This implementation supports bulk operations and should cover most use cases: https://github.com/cameron314/concurrentqueue

With a single producer/consumer it should behave like an ordinary SPSC queue.

Instead if vendoring a second library it might be worth migrating the rigtorp/SPSCQueue code.

daschuer · 2024-11-11T17:40:39Z

In that case let's stick with the established Portaudio version. It is exactly designed for our use case of fast bulk transfer of samples and is just missing sanitizer animations.

m0dB · 2024-11-11T18:08:10Z

In that case let's stick with the established Portaudio version. It is exactly designed for our use case of fast bulk transfer of samples and is just missing sanitizer animations.

No, please! Thread sanitizer flags it up! Sure, it will work, but it is not correct. Also, seeing that Portaudio has not been thread sanitised, I would not be surprised if the hanger I experienced comes from Portaudio itself.

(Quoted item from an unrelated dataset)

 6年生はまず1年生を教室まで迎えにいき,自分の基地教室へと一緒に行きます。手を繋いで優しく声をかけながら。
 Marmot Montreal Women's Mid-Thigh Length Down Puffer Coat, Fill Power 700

But I consider code that does not execute cleanly with thread sanitizer broken!

I know the pitfalls of lock-free programming very well. I am confident this implementation is correct. I am not against using other options, but I needed something that would easily adapt to the FIFO class API. None of the mentioned options fit this purpose. They are about reading / writing single items, not about reading / writing blocks of memory and accessing regions in the ringbuffer.

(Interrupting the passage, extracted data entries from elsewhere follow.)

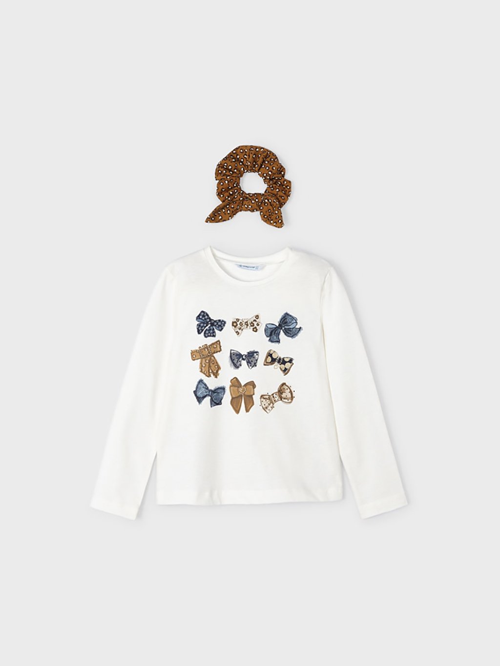 Dívčí triko s mašličkami a gumičkou do vlasů Mayoral
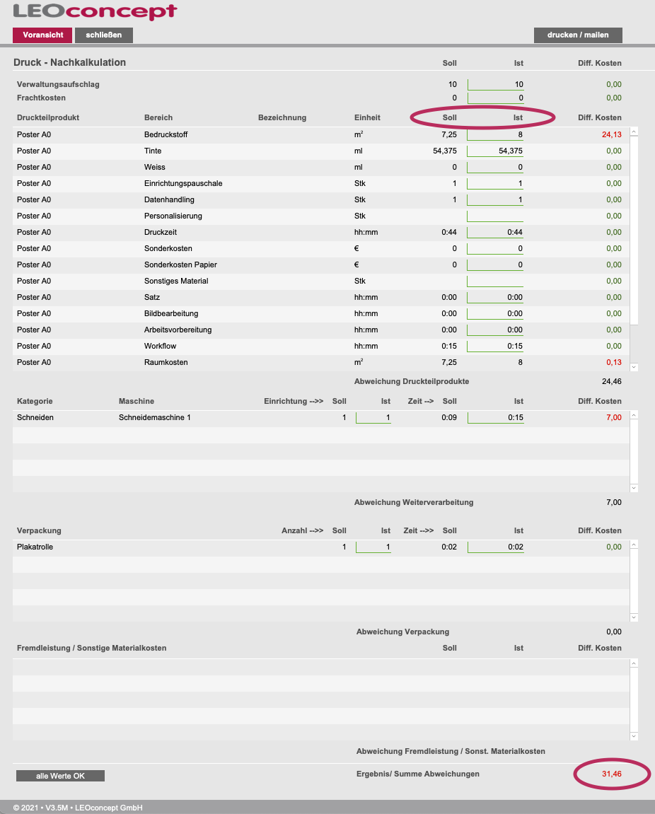 Alle Parameter werden im Druck der Nachkalkulation dargestellt und können zu jeder Zeit nachvollzogen werden.
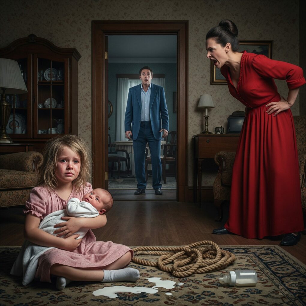 “Don’t hurt us,” the little girl sobbed, clutching her baby sibling tightly in her arms. Her voice trembled, and her tear-stained face turned toward the woman towering over her. The living room smelled faintly of spilled milk, a bottle rolling across the carpet near a coiled rope that had fallen to the floor. The woman in the red dress—her stepmother, Veronica—stood with hands on her hips, screaming down at her.

If you consider that there is some opensource and established solution that adapts well to the FIFO class API, be my guest. But in the meantime, please don't block this PR until there is a better option.

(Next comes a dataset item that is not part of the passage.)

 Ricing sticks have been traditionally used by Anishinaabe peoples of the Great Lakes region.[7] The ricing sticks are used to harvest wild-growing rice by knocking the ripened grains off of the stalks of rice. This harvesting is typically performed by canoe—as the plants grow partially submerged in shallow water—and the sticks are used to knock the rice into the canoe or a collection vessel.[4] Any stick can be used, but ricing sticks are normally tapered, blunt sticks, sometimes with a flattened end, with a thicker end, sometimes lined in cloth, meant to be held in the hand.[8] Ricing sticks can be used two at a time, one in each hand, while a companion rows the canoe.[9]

m0dB · 2024-11-11T20:07:33Z

I am going to use revert the FIFO API to use int. I am having to touch way to many files to fixes the windows compilation.

…as a backend

daschuer · 2024-11-11T22:51:01Z

With force push, we need to review the whole PR over and over again. It is better to add commit that we can track the changes. If you like to have finally only one commit, feel free to squash everything before merge into the target branch.
See also: https://github.com/mixxxdj/mixxx/blob/main/CONTRIBUTING.md

m0dB · 2024-11-12T11:10:31Z

With force push, we need to review the whole PR over and over again. It is better to add commit that we can track the changes. If you like to have finally only one commit, feel free to squash everything before merge into the target branch. See also: https://github.com/mixxxdj/mixxx/blob/main/CONTRIBUTING.md

Yeah, sorry about that. I had all these casts added allover the code to make windows accept size_t instead of int as the return type, and I checkout just have checked out those files from 2.5 instead of rebase.

Anyway, the only things to review are fifo.h itself and the fifotest.cpp, nothing else has changed now (in other words, it really is a drop-in replacement).

daschuer · 2024-11-12T13:22:36Z

Thank you for the coment about the atomics. This puts a certein requirement on readAvailable() and writeAvailable() can you document that at the function itself? Both read two atomics. Can you also described how it is deal with the situation a read and write happens betwwen the both accesses?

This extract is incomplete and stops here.